[GIVEN INFORMATION — start]

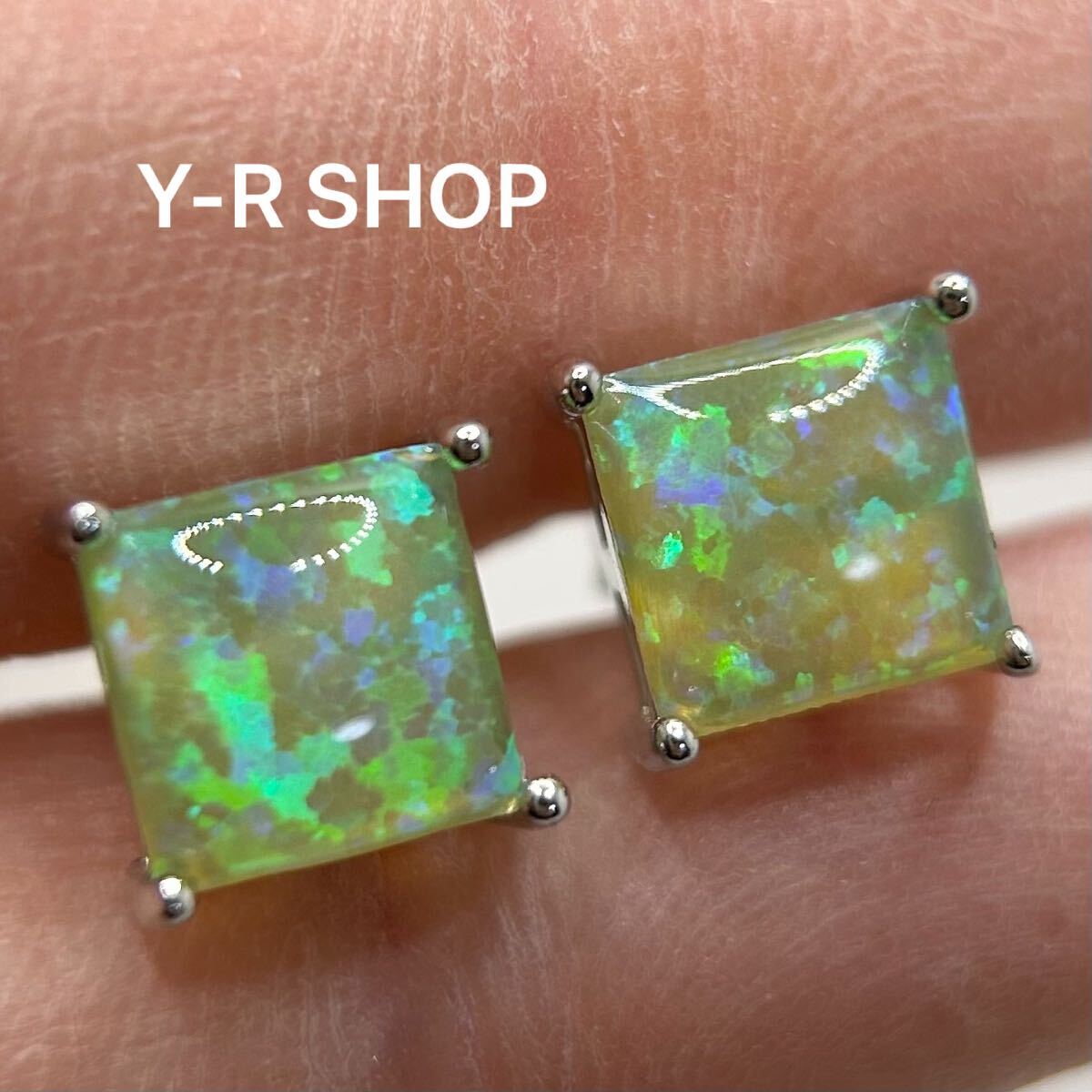 - グリーンファイヤーオパール のスクエア型ピアス★レディースシルバー925刻印カラーストーンアクセサリーハワイアンジュエリー新品宝石Y-R
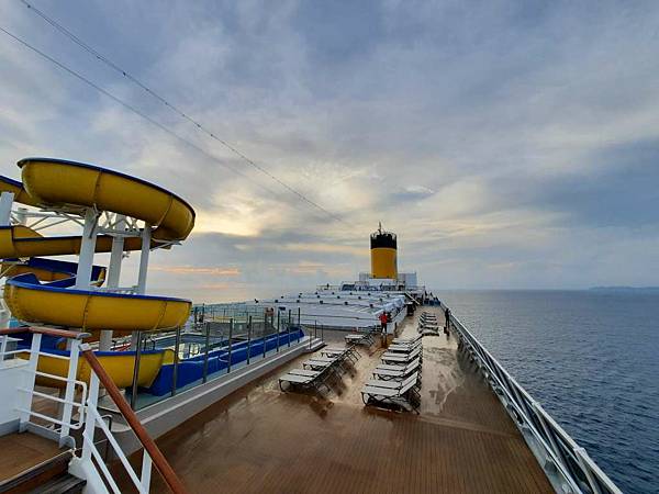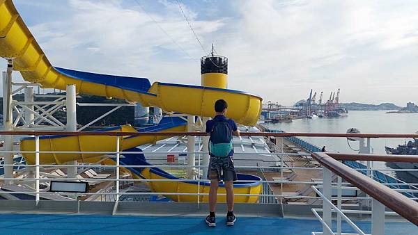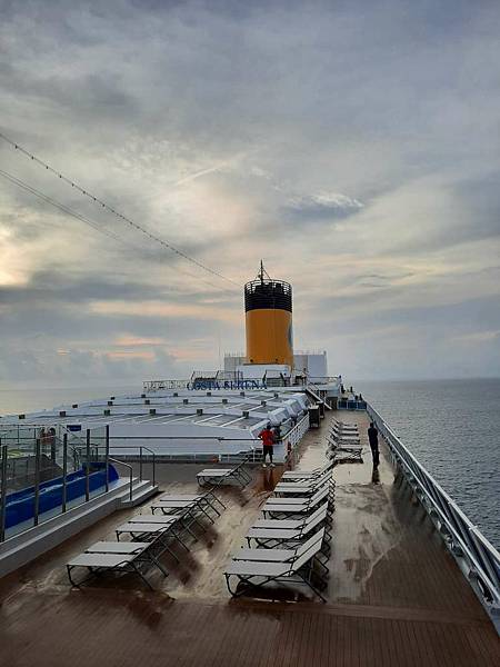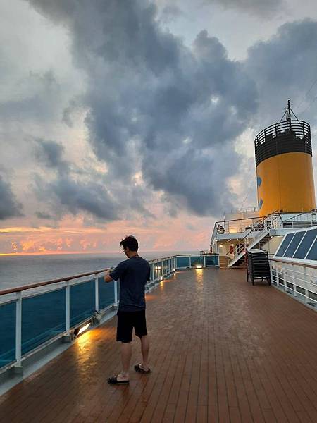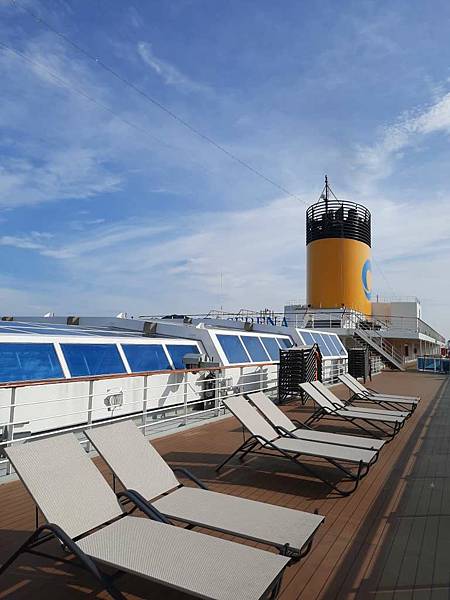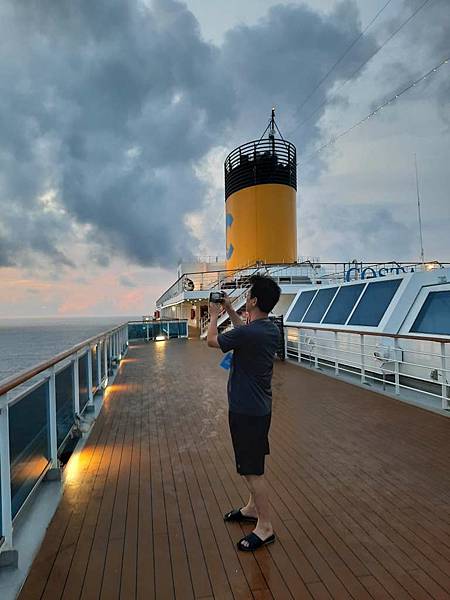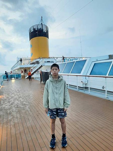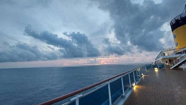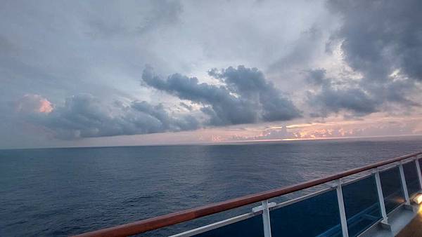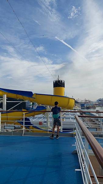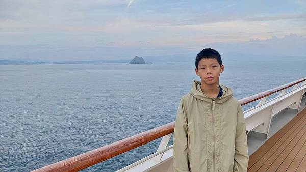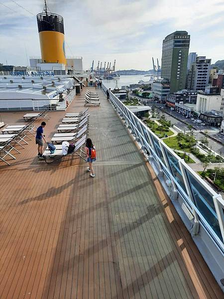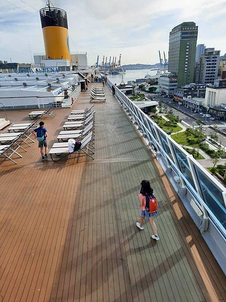 之前因為一直有人,咪咕害羞,現在這個時間郵輪已經靠港,大家都在吃早餐,甲板上人比較少。
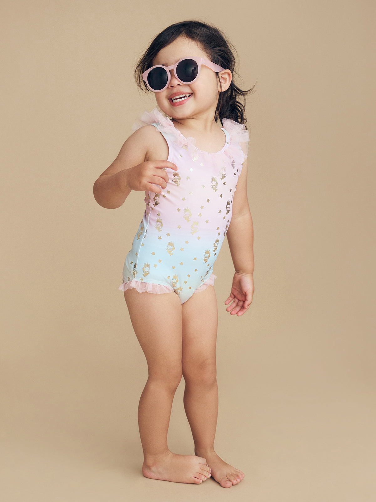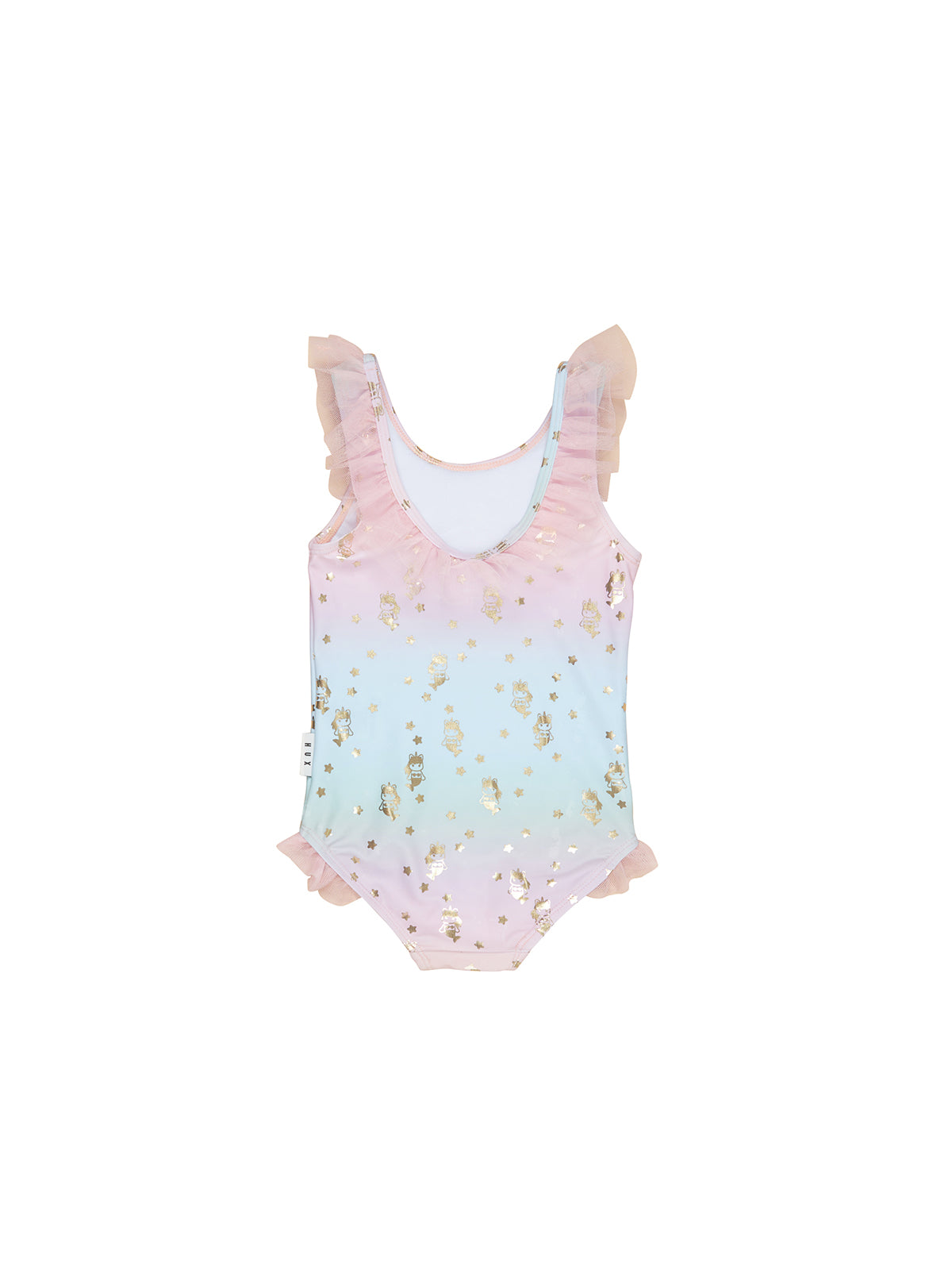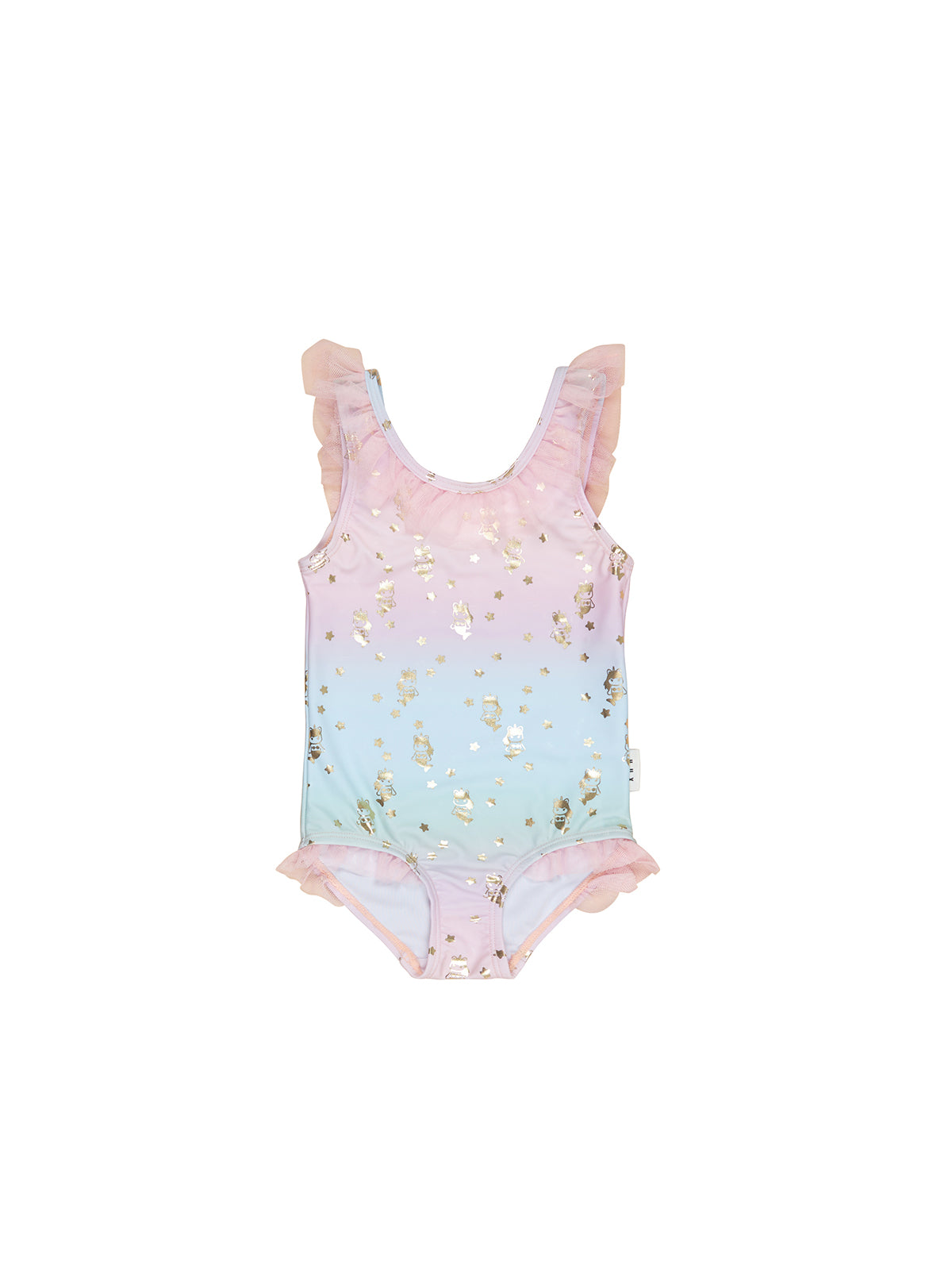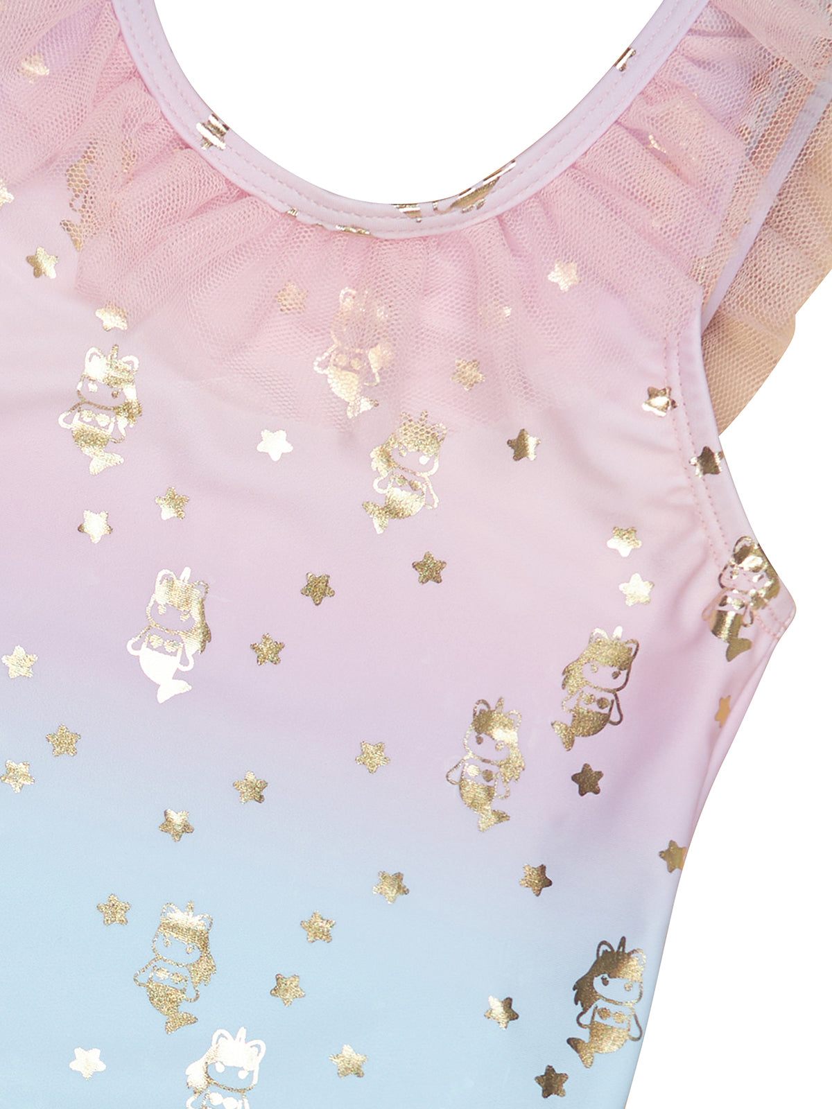 One piece ballet swimsuit with all over ocean rainbow colours and gold foil star mermaid print. Featuring tulle frills along the neckline

[GIVEN INFORMATION — finish]

▸ **THE TASK**
Give the data above again, exactly and completely. No pictures go in.

▸ **REPLY TO THE EXERCISE**
 - グリーンファイヤーオパール のスクエア型ピアス★レディースシルバー925刻印カラーストーンアクセサリーハワイアンジュエリー新品宝石Y-R
 之前因為一直有人,咪咕害羞,現在這個時間郵輪已經靠港,大家都在吃早餐,甲板上人比較少。
 One piece ballet swimsuit with all over ocean rainbow colours and gold foil star mermaid print. Featuring tulle frills along the neckline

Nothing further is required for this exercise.